Sensitive teeth are a large concern for many patients, but Dr. Hoffman says the invention of medicated gels has introduced a whole new range of people to the world of whitening. “We use medicated gels before and immediately after in-office whitening treatments,” he says. “Patients love it because they get to enjoy the results without the discomfort.” Dr. Back also praises this innovation in her practice, saying “additives such as potassium nitrate can help treat and prevent sensitivity during the process. Also, GLUMA—an aqueous solution containing 5-percent glutaraldehyde and 35-percent hydroxyethyl methacrylate—can be applied right after whitening to stop sensitivity. This makes the process much more comfortable,” she says.
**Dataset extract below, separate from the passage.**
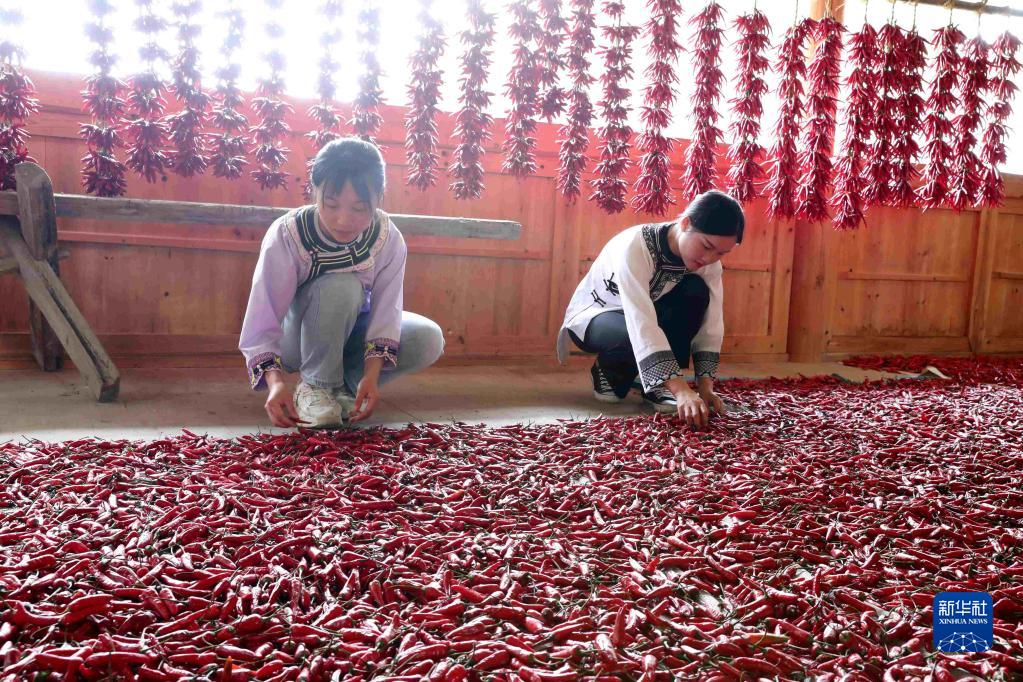 9月1日,在貴州省榕江縣平陽鄉(xiāng)硐里村,村民在晾曬朝天椒。新華社發(fā)(李長(zhǎng)華 攝)

While in-office teeth whitening is undoubtedly a popular request, Dr. Ahn says patients with sensitive teeth are typically concerned about pain and effectiveness of the whitening treatment, and want a more permanent solution. “Porcelain veneers are a form of whitening that offer long-lasting results without any downtime,” she explains. “Not only do they whiten and brighten, but they also improve the shape of your teeth and smile.” However, a potential downside to veneers is that once they’re bonded to the teeth, they can’t be removed, so bleaching is more conservative.
The Whitening Diet
Dr. Hoffman explains that avoiding smoking, as well as foods or beverages like coffee and wine that stain easily, is crucial for long-lasting results. “We understand it’s difficult to give up coffee, so just plan on touching up your whitening more frequently,” he adds.